A Washington Post piece about Horwitz, for instance, said she had been helping her mother through difficult health issues around the time that she plagiarized. And a Romenesko post about Wiser quoted one of her colleagues as saying she was “under intense pressure, citing chronic headaches, a car accident in which she’d broken a finger, and an experience with vertigo while covering Oprah Winfrey’s May 17 Farewell Spectacular.” There were also several stories about Jayson Blair's struggle with bipolar disorder.

Some editors seem "more willing to overlook minor plagiarism"

Because we almost never know the full story behind personnel issues, we don't have enough data to say there are definite trends in sanctions. Anecdotal evidence, however, suggests that some newsrooms have relaxed their standards when it comes to plagiarism and fabrication.

Poynter’s Kelly McBride, who regularly gets phone calls from editors seeking advice on how to handle plagiarism/fabrication cases, said she found that more newsrooms started firing staffers for plagiarism following the Blair scandal. That seems to have changed once the economic crisis hit newsrooms.

“Some editors these days seem more willing to overlook minor plagiarism, because it almost always involves writers trying to work fast, either because they have additional duties or because they are trying to publish to ride a wave of interest,” said McBride, who has taken about a dozen related calls from editors throughout the past year.

“When I tell them that what they are looking at is indeed a case of plagiarism, they seem reticent to discipline. My sense is they feel like they are partially culpable for creating an environment where mistakes and plagiarism are more likely to happen.”

She went on tell me that if a news organization is looking for excuses to lay someone off and the person plagiarizes or fabricates, that might be the tipping point.
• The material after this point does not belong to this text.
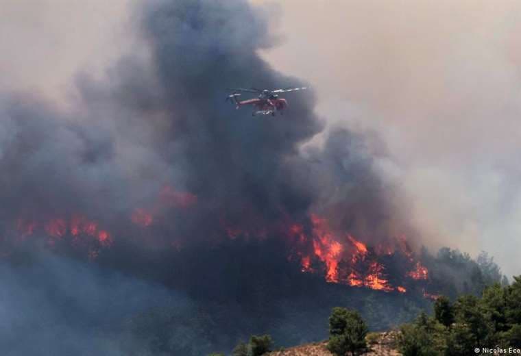 Los incendios forestales en Grecia arrasan parte de la isla de Rodas por séptimo día consecutivo, lo que obligó a las autoridades a improvisar en el aeropuerto del lugar un campamento para turistas.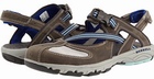 Style Description: Merrell Cambrian Emme are the sporty sandals to keep your feet safe, comfortable and relaxed all the time. These lightweight shoes have the durable and long lasting construction which allows you to use them for years to come. They can be used outdoor and their water proof construction allows you to use them in water as well without damaging the shoe. The upper is made from the combination of textile and leather which are water resistant. The toe room allows you good toe wiggle. The upper has the quick release fastening system which allows you to wear these shoes quickly and it also provides personalized fit with the adjustable strap. The lining is made from the Neoprene which dries quickly and it also provides cushioned surrounding for keep your feet comfortable. The interior has the Aegis® antimicrobial treatment which prevent foot odor. The footbed is made from the EVA which has ability to absorb shocks to enhance the comfort and it has small holes in it which helps in draining the water quickly. The outsole is made from the Merrell’s famous Vibram® rubber which provides excellent traction on any surface and it is durable to allow long time wearing. This outsole also delivers magnificent performance regardless of trail, stream or street. It weighs just 8 ounces as per size 8. You can find this style in these colors: Oyster, Dark Earth and Black.

But, she said, if editors have kept a person around during layoffs and cutbacks, they might feel a sense of remorse or loss at the idea of firing someone over a “minor case.”

No doubt, there are a lot of grey areas when it comes to defining a "minor" case and a "major" one.

McBride said that “Fabrication is almost always more egregious than plagiarism because it involves creating fiction in a place where only fact is permitted. Minor plagiarism involves lifting a sentence or a paragraph, which, in the age of copy and paste, is careless and reckless, but easy to do.”

Poynter’s Jill Geisler pointed out that when the offense is minor, it’s more likely that other factors influence the decision to sanction. But, she said via email, “if it is determined that the breach is egregious, that the company didn’t contribute to it, and that the employee made the choice to do it -- then a firing is justified. It shouldn’t matter whether the employee is junior or senior, or whether the person is a star player or barely known.”

Steps newsroom leaders can take to make more informed decisions

Geisler suggested that newsroom leaders should consider the following steps when dealing with plagiarism or fabrication:

  • "In the face of a misdeed, focus on the problem first (the action) and its seriousness. Document it carefully. Don’t let public pressure or embarrassment deny someone due process.
  • “Look inward: Identify any mitigating factors that could have contributed to the misdeed. Did the organization play a role in any way -- through unclear policies or inconsistent responses in identical cases? Did the organization’s poor planning, training, scheduling or communication play any role?
  • “After vetting the problem, address the person. Did he or she do this knowingly? Did the person ask for advice from a supervisor before taking this action, or act independently? Did this person have other alternatives?”

McBride added that it always helps to talk with the reporter about how he or she could have handled the situation differently. In the Sun-Times case, for instance, Wiser could have included a line in her column about having to leave early.

Many factors affect plagiarism and fabrication cases, and not everyone is going to agree on the final outcome. But taking time to carefully vet the problem can lead to a more informed decision and help prevent the same problem from happening again.